=== The data ===
<<<<
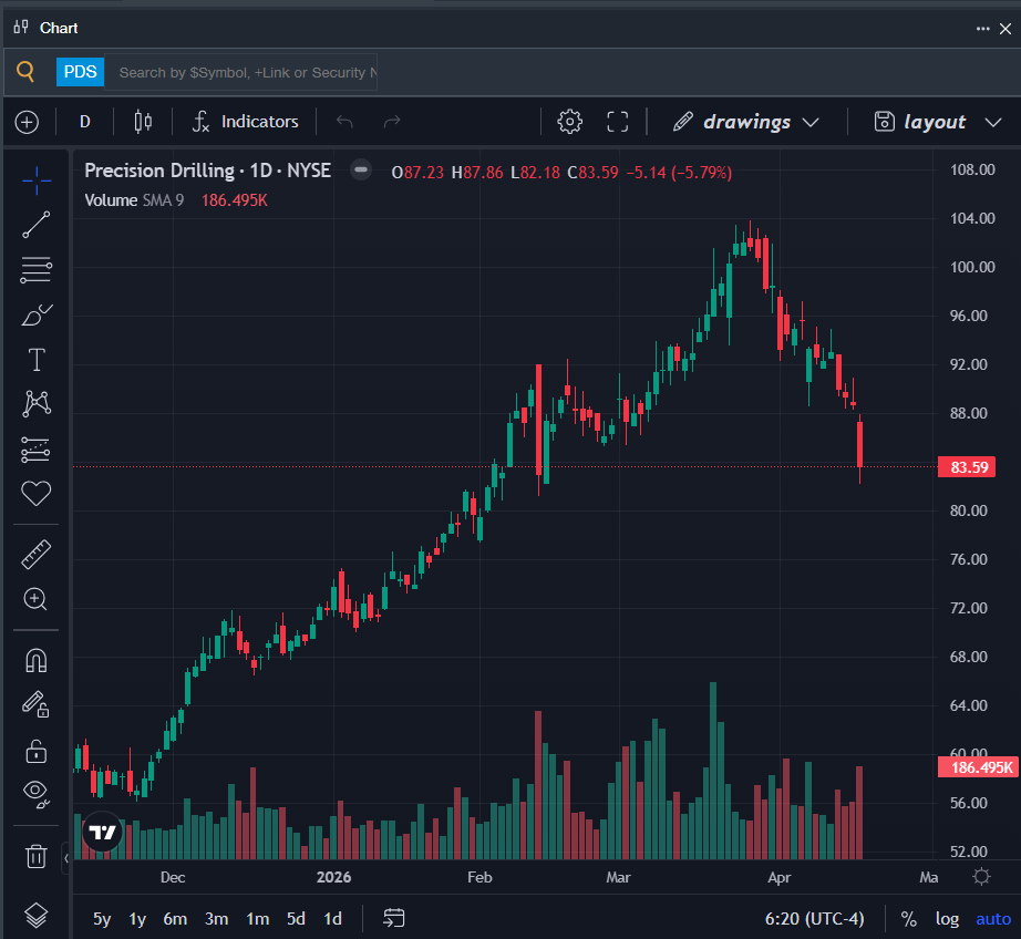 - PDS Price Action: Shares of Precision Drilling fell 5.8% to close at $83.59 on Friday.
>>>>
<<<<
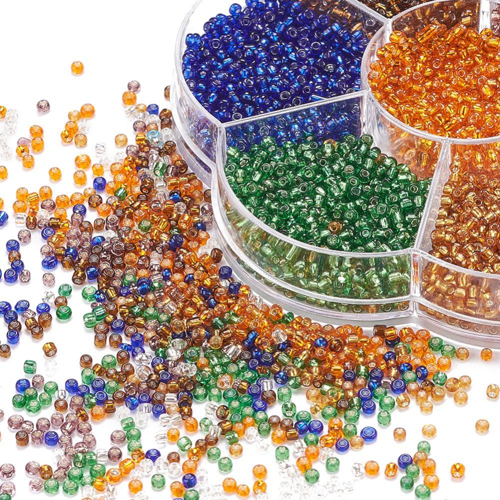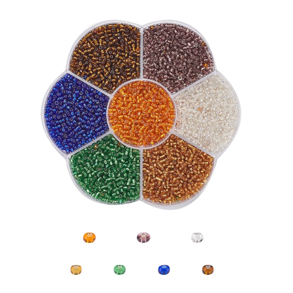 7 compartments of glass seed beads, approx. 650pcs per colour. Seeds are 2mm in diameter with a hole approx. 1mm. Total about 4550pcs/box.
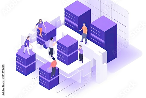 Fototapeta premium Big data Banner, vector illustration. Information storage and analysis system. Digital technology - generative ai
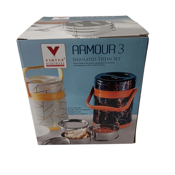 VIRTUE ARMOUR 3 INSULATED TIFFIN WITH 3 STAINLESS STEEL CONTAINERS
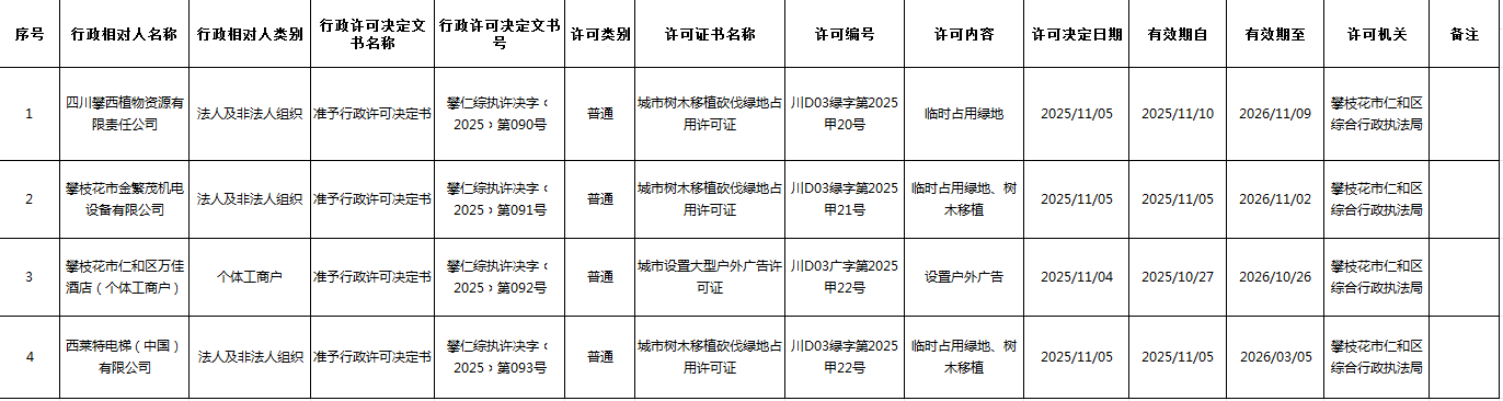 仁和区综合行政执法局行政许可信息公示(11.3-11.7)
>>>>
=== What you are asked to do ===
Copy exactly the material above from the line with "Fototapeta premium Big" to the line with "仁和区综合行政执法局行政许可信息公示(11.3-11.7)", ends included, and nothing else. Leave out any picture.

=== Output for this exercise ===
 Fototapeta premium Big data Banner, vector illustration. Information storage and analysis system. Digital technology - generative ai
 VIRTUE ARMOUR 3 INSULATED TIFFIN WITH 3 STAINLESS STEEL CONTAINERS
 仁和区综合行政执法局行政许可信息公示(11.3-11.7)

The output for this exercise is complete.